Sometimes, an intervention in the spaces we call public make us pause, question why this, why now, why here. We question. We discuss, test, negotiate, affirm and rethink why places matter. This is an important part of the process of renewing the public-ness and purpose of places. It is an important component of understanding values.

Jacqueline Donachie is an artist who helps negotiate ideas of public, and invites debate about the layers of meaning that exist in a place, layers we see, layers we remember, layers we have forgotten. Her ‘Slow Down’ work is a collaboration with people to mark routes in places, using pigmented dust attached to bicycles. The marks of the journey, the decisions people took, the overlapping of choices are revealed as the colour marks the ground. People coming to the marks after the event question why this, why here, who did it? These questions are about people, place and purpose, a useful framework to re-think the contexts of a place and its public-ness.

Donachie’s new work for the Edinburgh Art Festival comprises a line through the city linking two sculptures, Mary which is positioned across from Edinburgh Castle, and Elizabeth which is positioned across from the Scott Monument. The sculptures are in dialogue, and form part of a route of exploration of histories, places and settings within and beyond the city. The setting of the sculptures is important. They raise questions. Why locate a sculpture about a particular history in a landscape of war memorials? Is the terrible history between the two women, and their families and the confusion about how this history is re-told an important context? Is the way Walter Scott romanticized a view of Scotland, and spawned mythologies about Scottish-ness an important context? The sculptures, and the walk and talk with the artist as part of the Edinburgh Festival provided a setting for learning, for questions.

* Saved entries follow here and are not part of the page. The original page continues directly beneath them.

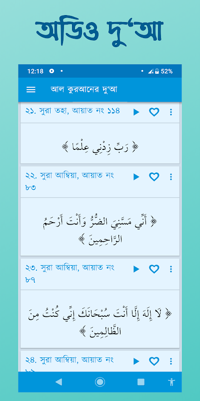 Una collezione unica di duas narrati nel Corano. Inclusa traduzione in bengalese, commento e audio
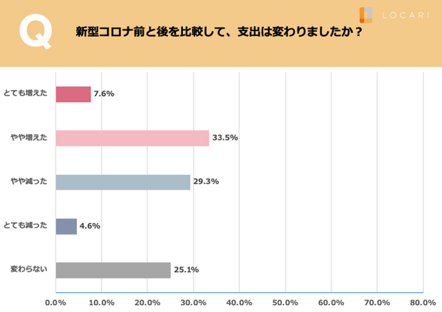 新型コロナ前と後を比較して支出は変わったか尋ねたところ、「とても増えた」と「やや増えた」が合わせて41.1%、「やや減った」と「とても減った」が合わせて33.9%という結果になりました(n=263)
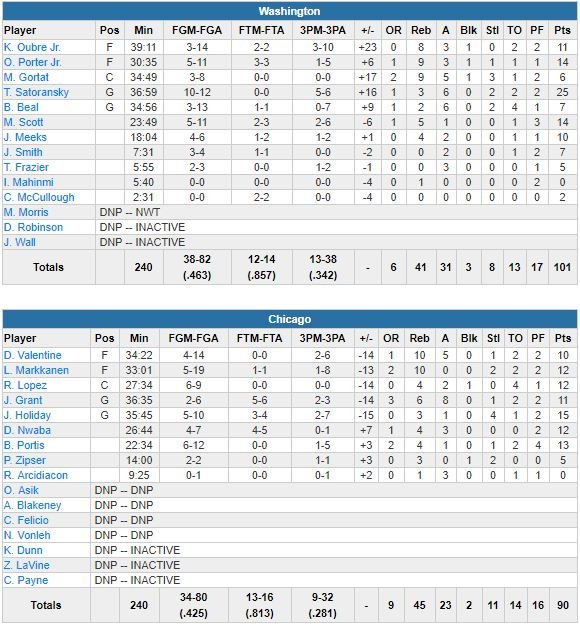 John Wall toujours convalescent après son opération du genou, Tomas Satoransky a battu son record en carrière dans la victoire des Wizards à Chicago cette nuit, avec 25 points à 10/12. Malheureusement pour lui, la soirée s’est terminée prématurément sur une chute à 2 minutes et demi de la fin après une faute. Otto Porter Jr. et Mike Scott ont inscrit 15 points chacun dans cette 6ème victoire en 7 matchs de Washington alors que Bradley Beal a été limité à 3/13.
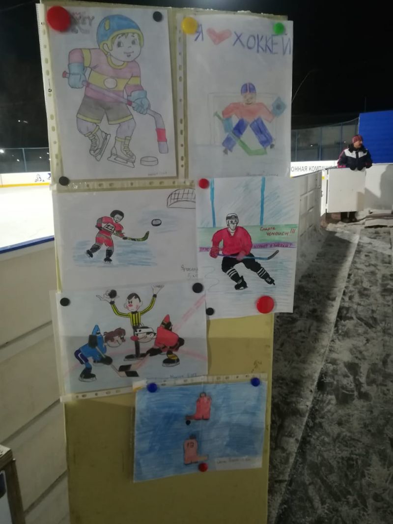 К Дню хоккея юные хоккеисты нарисовали рисунки, которые были размещены на стенде хоккейной коробки, всем воспитанникам были вручены памятные призы. Завершился спортивный праздник раздачей сладких призов.
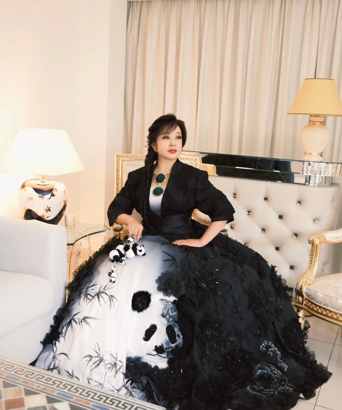 75岁的刘晓庆现身三亚免税店,真是把冻龄俩字演活了她穿了一件黑白树枝纹的西装外
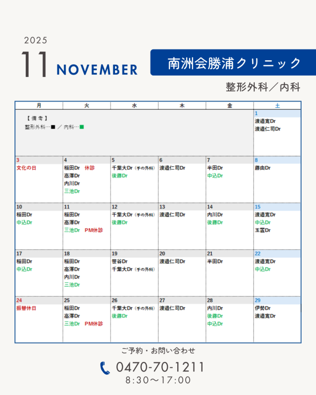11月の診療予定
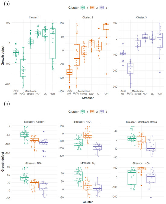 - In the presence of H2O2, the median growth defect remained less than 0 in all clusters, with statistically significant differences observed between each pair of clusters. The second cluster showed the largest growth defect, at −177.62 [−219.96; −154.38], while the first cluster exhibited the smallest defect at −29.96 [−55.11; −21.01].
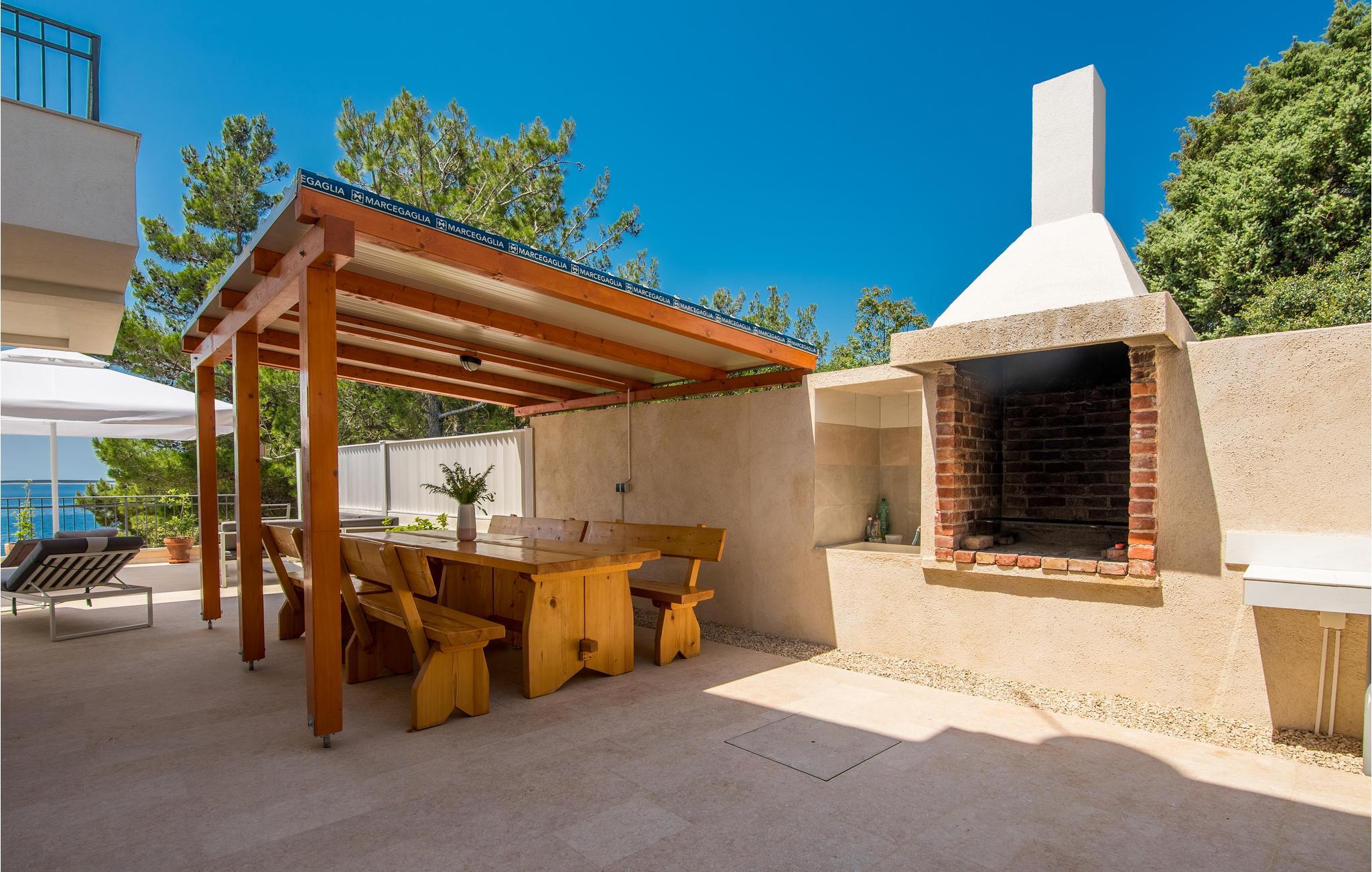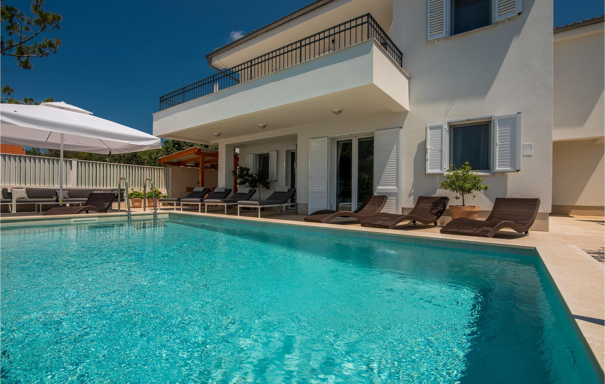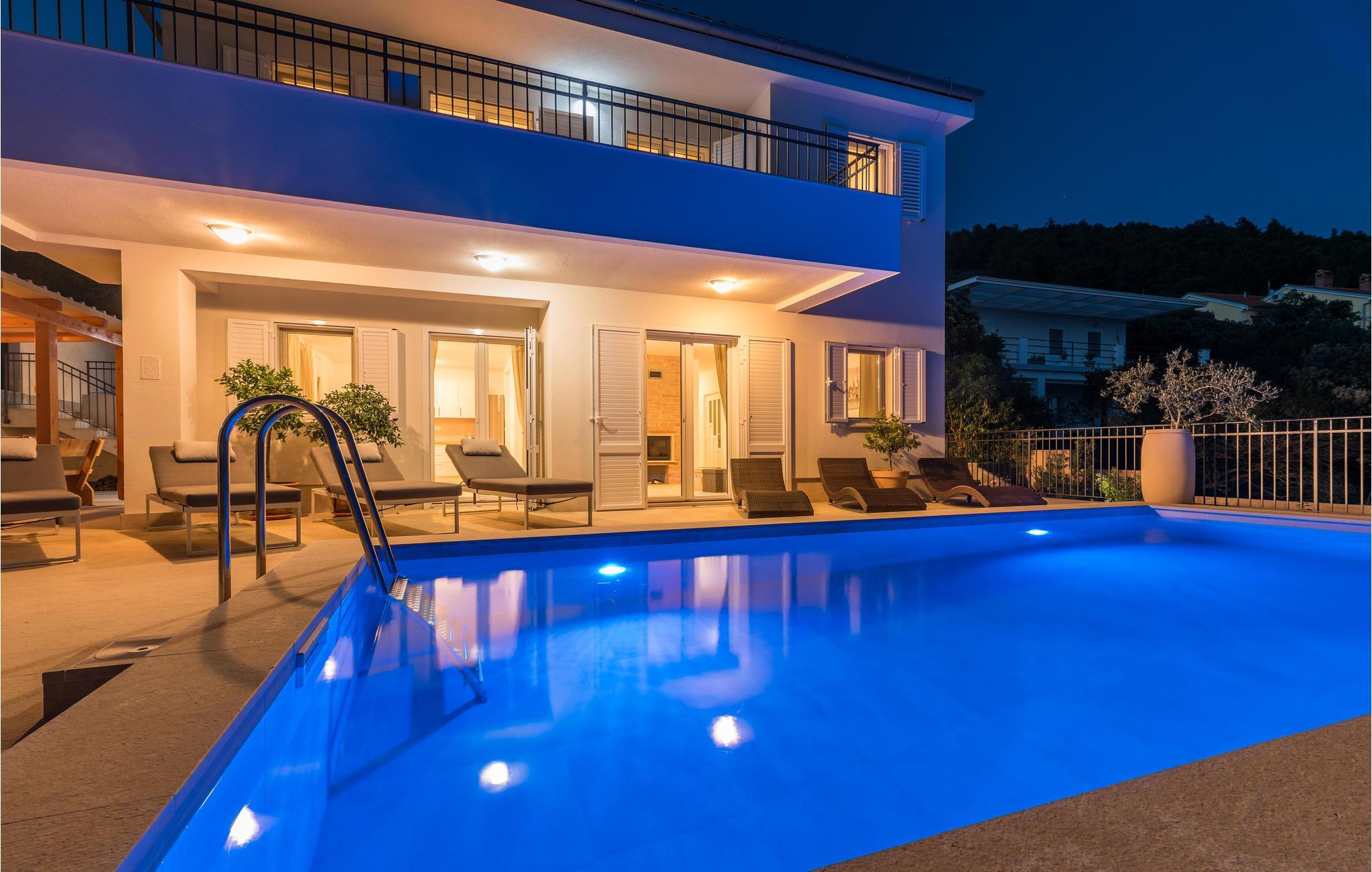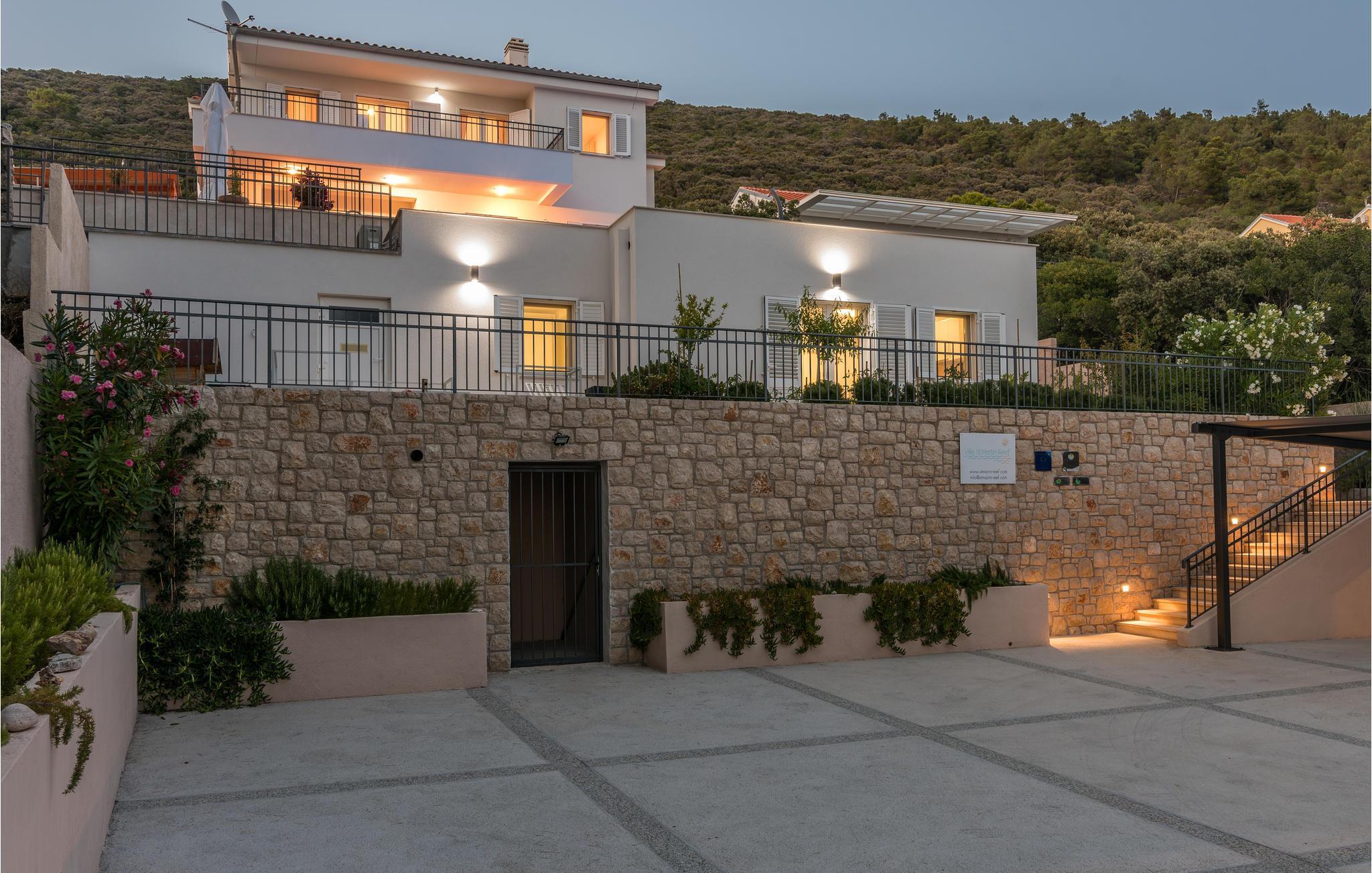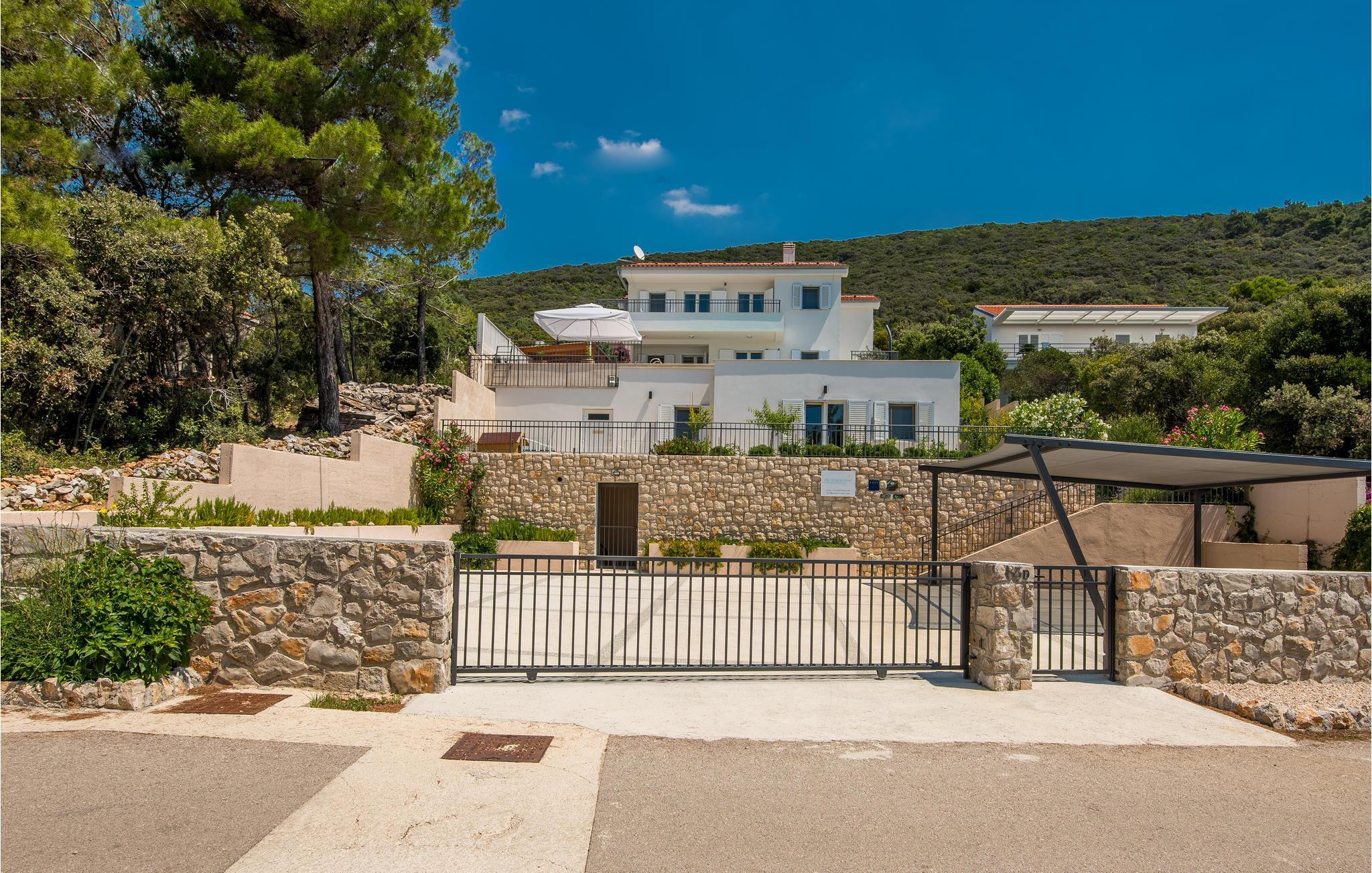Das Erdgeschoss verfügt über einen offenes Wohnzimmer mit Küche und Essbereich und im Obergeschoss sind 4 Schlafzimmer mit en-suite Bädern. Vom Wohnzimmer haben Sie direkten Zugang auf die wunderschöne Terrasse mit Pool, Liegestühlen, Loungebereich und überdachter Terrasse mit Grill, die zum Speisen im Freien einlädt. Hinter dem Haus erwartet Aktivurlauber ein Outdoor-Fitnessbereich. Auf dem unteren Teil des Grundstück befindet sich ein Haus, in dem die Eigentümer wohnen. Entdecken Sie die Insel Cres und genießen dessen Vorzüge, die wunderschönen Strände, gutes Essen, Bootsfahrten sowie Rad- und Wandertouren.

Originally, Donachie wanted to create a work around the St. James Centre, a building which elicits great passions in Edinburgh, a building which is very different to the New Town traditional contexts. The hulking concrete forms, and the building’s histories invite speculation. They also represent one view of how we made cities in time, and such, form part of the collage of the city that explains the history of ideas of culture and society. In discussion with Donachie, the idea that there is a dialogue between the castle and St. James Centre emerged as a notion. The St. James Centre complex is roughly half the size of the castle, but if you include the Multrees Walk area, it is nearly the same size. The shapes are different, but the size of the castle and Waverley are not far off being the same. The castle/St. James complex [Multrees Walk] is about 1/5 the size of the original New Town plan.

There is an interesting opposites relationship in terms of how the castle sits relative to Royal Mile, and St. James sits relative to George Street. Both the castle and St. James centre occupy key shifts in city topography; both have occupied important institutional roles in the city; both have dramatic impacts on the cityscape, and skyline; both confront reality. The castle is a real barracks in a landscape that is often thought to be imagined. The St. James Centre was really a centre of government in the past. The stories we tell about the buildings we see are not always the same as the factual histories of these same places. Stories are like lines; they pass from person to person across time, and modify our understanding of what we see.

In cities, not all lines are visible. Before we make streets, people look for relationships between points. If the points make sense, have meaning, people pass between them. Over time, the passages become formalised, and we build streets. Every street though was once only imagined. The city as a place of imagination is an interesting idea, where lines come and go, and what we actually build is not what we imagined. Time is important. To see the lines, and to make sense of the lines, you need time. The best way to experience the city, as the landscape, is to slow down.